[Task inputs]
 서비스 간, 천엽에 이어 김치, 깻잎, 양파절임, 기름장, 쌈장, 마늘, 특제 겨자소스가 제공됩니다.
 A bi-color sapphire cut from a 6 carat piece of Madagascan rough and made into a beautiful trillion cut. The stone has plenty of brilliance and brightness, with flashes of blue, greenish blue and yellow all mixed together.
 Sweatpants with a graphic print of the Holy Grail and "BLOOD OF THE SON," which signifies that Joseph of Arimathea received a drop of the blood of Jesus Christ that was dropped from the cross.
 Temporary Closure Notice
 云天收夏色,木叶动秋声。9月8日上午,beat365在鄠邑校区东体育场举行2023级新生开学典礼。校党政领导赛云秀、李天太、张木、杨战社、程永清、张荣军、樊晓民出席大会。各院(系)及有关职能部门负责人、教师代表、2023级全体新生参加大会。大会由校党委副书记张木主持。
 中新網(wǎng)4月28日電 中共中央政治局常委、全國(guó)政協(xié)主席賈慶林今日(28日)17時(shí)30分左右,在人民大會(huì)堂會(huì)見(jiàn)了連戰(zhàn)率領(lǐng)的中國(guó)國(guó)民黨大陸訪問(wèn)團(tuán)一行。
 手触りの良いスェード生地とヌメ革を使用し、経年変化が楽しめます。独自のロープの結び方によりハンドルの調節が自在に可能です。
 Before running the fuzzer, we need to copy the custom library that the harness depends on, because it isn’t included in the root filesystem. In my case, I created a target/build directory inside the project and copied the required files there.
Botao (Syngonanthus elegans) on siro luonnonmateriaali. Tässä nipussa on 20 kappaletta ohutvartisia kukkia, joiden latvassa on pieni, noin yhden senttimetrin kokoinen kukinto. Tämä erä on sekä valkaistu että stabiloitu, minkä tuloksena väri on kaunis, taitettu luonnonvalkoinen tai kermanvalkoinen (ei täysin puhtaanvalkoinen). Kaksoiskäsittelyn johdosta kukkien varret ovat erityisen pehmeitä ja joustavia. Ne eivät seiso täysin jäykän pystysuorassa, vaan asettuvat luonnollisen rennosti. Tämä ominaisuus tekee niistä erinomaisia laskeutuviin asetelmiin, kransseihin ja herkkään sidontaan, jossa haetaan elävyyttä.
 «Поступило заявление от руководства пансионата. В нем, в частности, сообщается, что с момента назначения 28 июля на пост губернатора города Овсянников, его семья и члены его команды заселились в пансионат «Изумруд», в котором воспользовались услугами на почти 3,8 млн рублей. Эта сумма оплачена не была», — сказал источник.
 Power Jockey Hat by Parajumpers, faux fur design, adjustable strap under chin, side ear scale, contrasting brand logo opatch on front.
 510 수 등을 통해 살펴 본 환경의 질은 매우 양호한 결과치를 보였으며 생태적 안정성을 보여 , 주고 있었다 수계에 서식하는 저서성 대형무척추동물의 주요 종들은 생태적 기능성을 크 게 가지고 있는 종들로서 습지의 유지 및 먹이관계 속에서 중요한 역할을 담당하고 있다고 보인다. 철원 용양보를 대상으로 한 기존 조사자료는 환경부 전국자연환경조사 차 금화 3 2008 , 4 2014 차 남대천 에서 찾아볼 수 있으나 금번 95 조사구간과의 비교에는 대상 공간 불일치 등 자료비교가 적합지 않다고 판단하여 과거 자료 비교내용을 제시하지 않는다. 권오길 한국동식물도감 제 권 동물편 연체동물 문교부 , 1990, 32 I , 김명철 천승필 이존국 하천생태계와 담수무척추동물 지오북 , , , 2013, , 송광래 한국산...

[What to do]
When a line of the material above contains the string "from", it counts. State the total and nothing more.

[Problem solution]
2